Mar. 22, 2004. 01:00 AM
Thousands mourn death of two boys
Kosovo drownings led to violence Families appeal

for end of fighting

GARENTINA KRAJA
ASSOCIATED PRESS

CABRA, Serbia-Montenegro—Thousands of mourners gathered yesterday at a wind-swept hilltop cemetery to bury two ethnic Albanian boys whose drowning sparked Kosovo's deadliest violence in five years.

NATO helicopters patrolled overhead and Italian Carabinieri paramilitary police were posted around this northern village to ensure calm in a critical test of alliance efforts to stabilize the province.

Although troops set up checkpoints along the road to Cabra and warned people away, about 7,000 mourners turned out.

Up to 25,000 people had been expected to attend the funerals for Egzon Deliu, 12, and Avni Veseli, 11, but the unprecedented security and appeals from the families for a quiet ceremony kept people away.

The deaths last Tuesday triggered days of rioting, looting and arson by ethnic Albanians mobs against Serbs, who they blamed for the deaths.

The violence left 28 dead, 600 injured and 4,000 people homeless.

The attacks were the worst outbreak of violence since 1999, when a NATO air war, which killed 10,000, ended a Serb crackdown on ethnic Albanians seeking independence.

NATO has tried to keep the peace here since then. "(The boys') deaths brought more deaths to Kosovo and this has made our pain greater," said Sali Deliu, an uncle of Egzon. "Let's hope these are the last ones."

The violence illustrated the depth of hatred between Kosovo's mostly Muslim ethnic Albanians, who want independence, and Orthodox Christian Serbs, a minority in Kosovo, who want the U.N.-run province to remain part of Serbia-Montenegro.

The village is just outside Kosovska Mitrovica, the tense and ethnically divided city where the riots started.

Authorities yesterday began investigating the claims of Fitim Veseli, 13, that a group of Serbs with a dog chased him and the other ethnic Albanian children into the Ibar River.
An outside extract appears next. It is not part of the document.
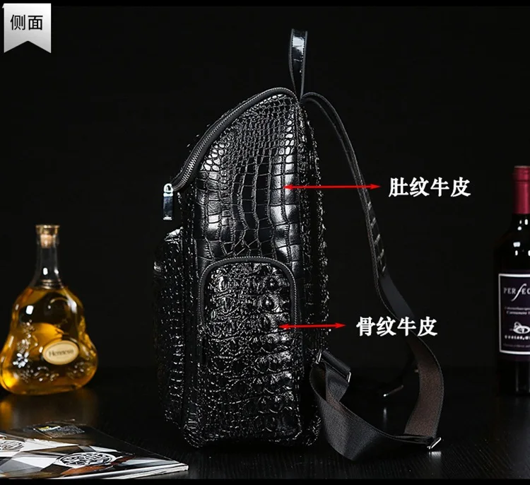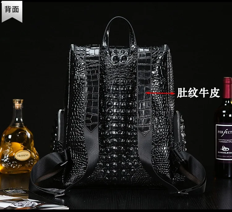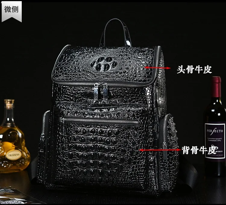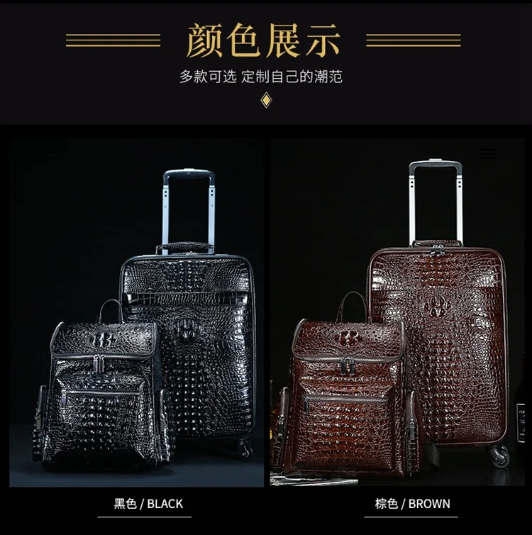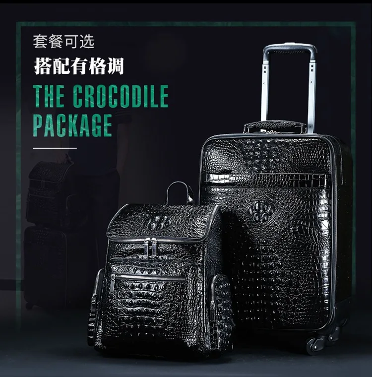 FirstMeet Unisex Reisegepäck aus echtem Rindsleder – Kroko-Prägung Trolley, Handtasche & Rucksack Set
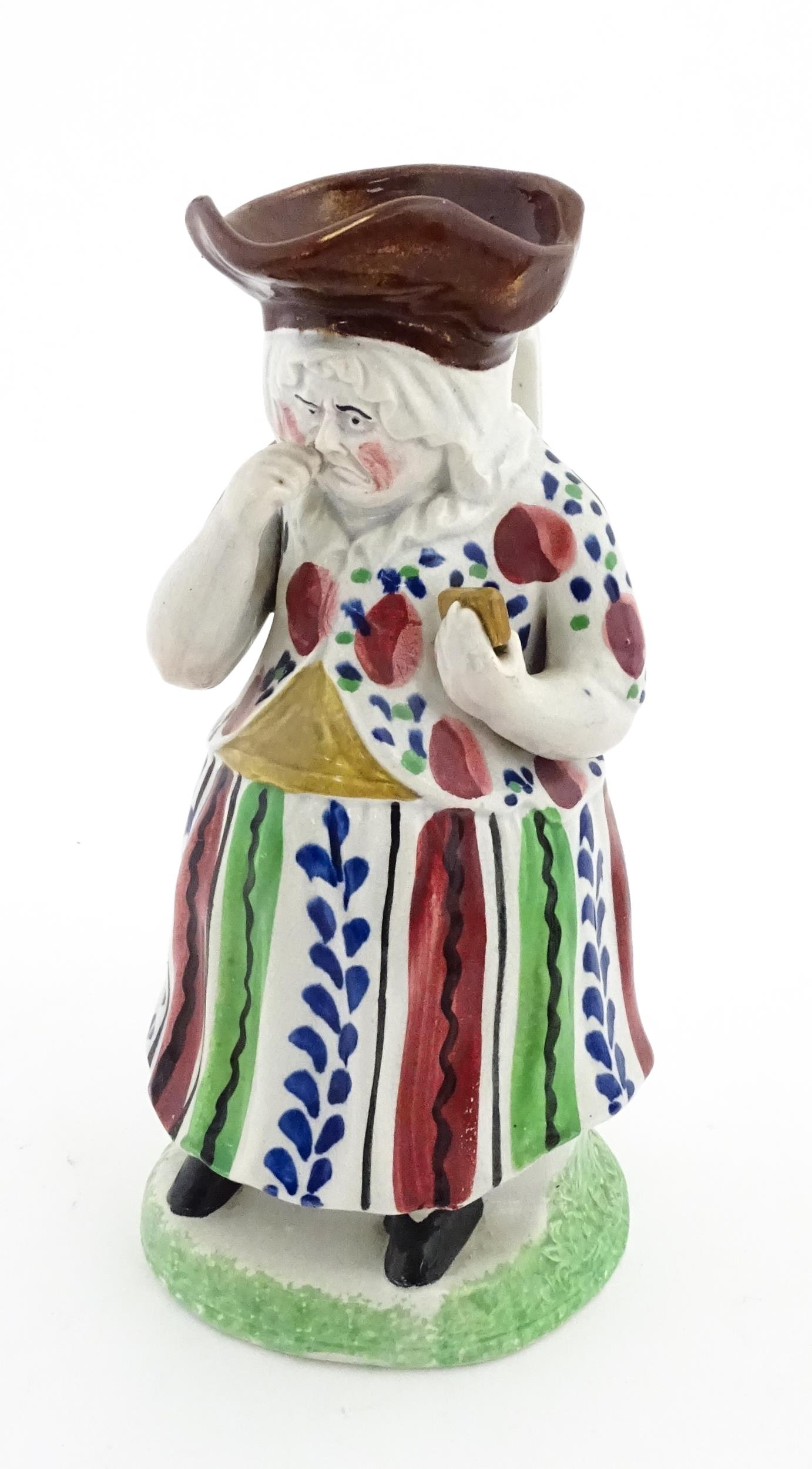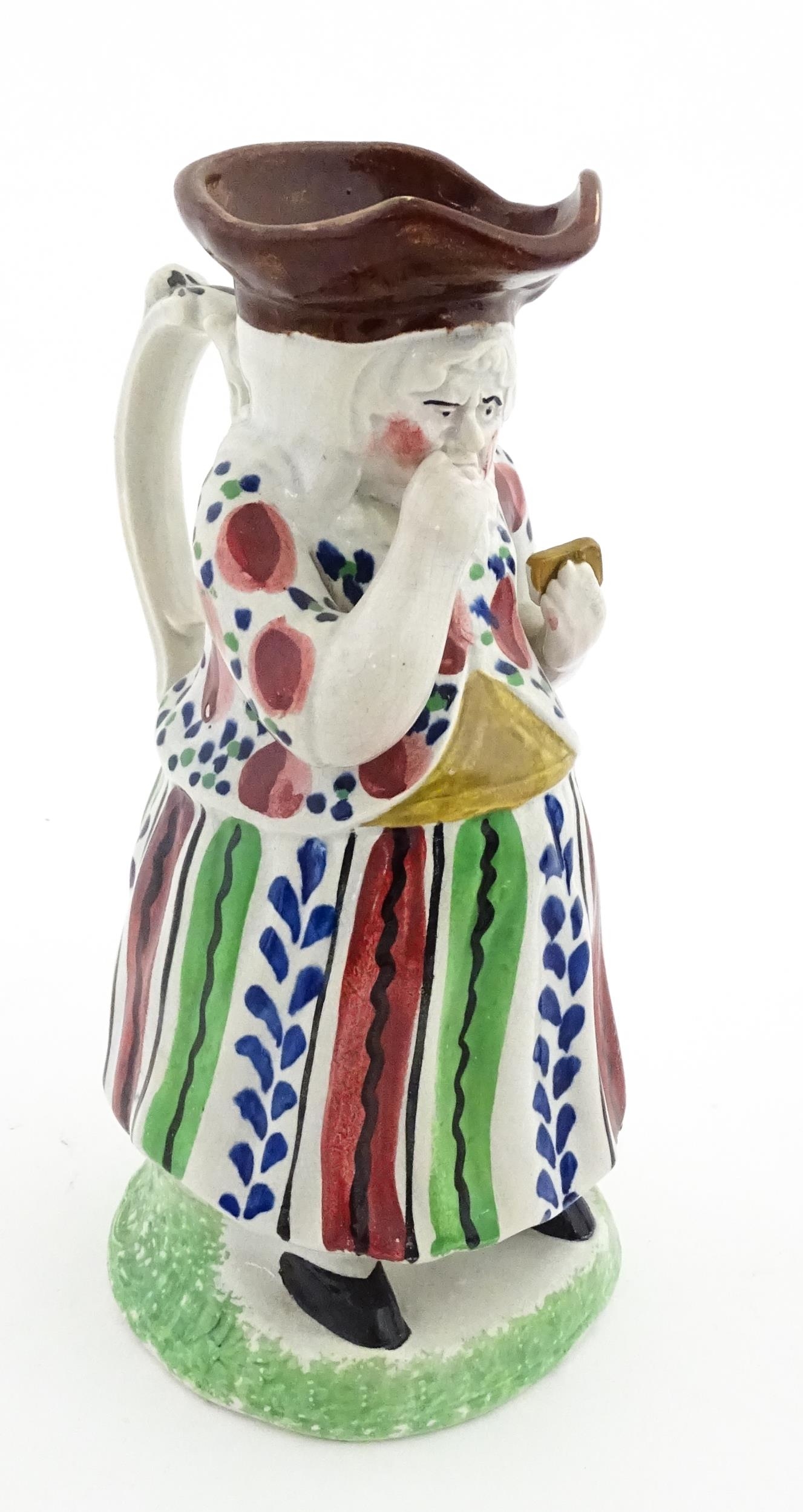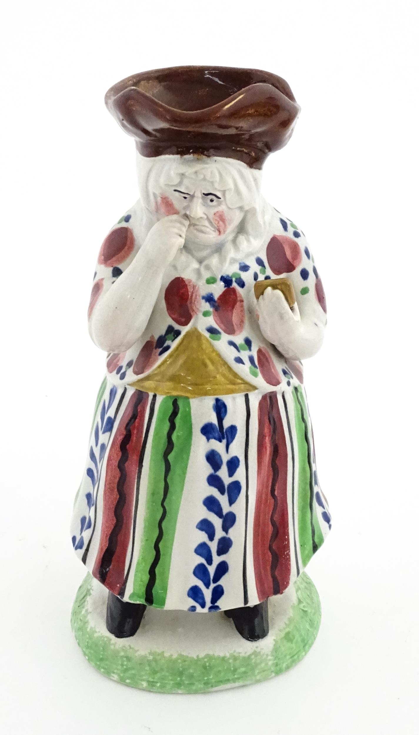 A Staffordshire pottery Lady Snuff Taker Toby jug. Approx. 9 3/4" high

His cousin was one of the boys who died; down the hill, along the banks of the river, divers were still looking for his missing brother, Florent, 9. The tight-knit families in this village of 1,400 appeared both united and shattered by their grief.

Women wearing white scarves of mourning wept and fainted after pausing by the open coffins, gazing into the faces of the boys for the last time.

The grief overwhelmed mourners as Sevdije Deliu leaned over to kiss her son's forehead before the coffin closed. As she turned, Egzon's seven sisters shrieked hysterically and held on to each other.

Playmates of the two boys stood in front of the crowd holding wreaths and carrying signs that read, "Stop the Violence" and "We want peace."

Despite their bitterness, the families appealed for an end to hostilities.

"Though I lost my son, I wouldn't want more problems here," said Abide Veseli, 35, Avni's mother.

"I wouldn't wish this on my worst enemy."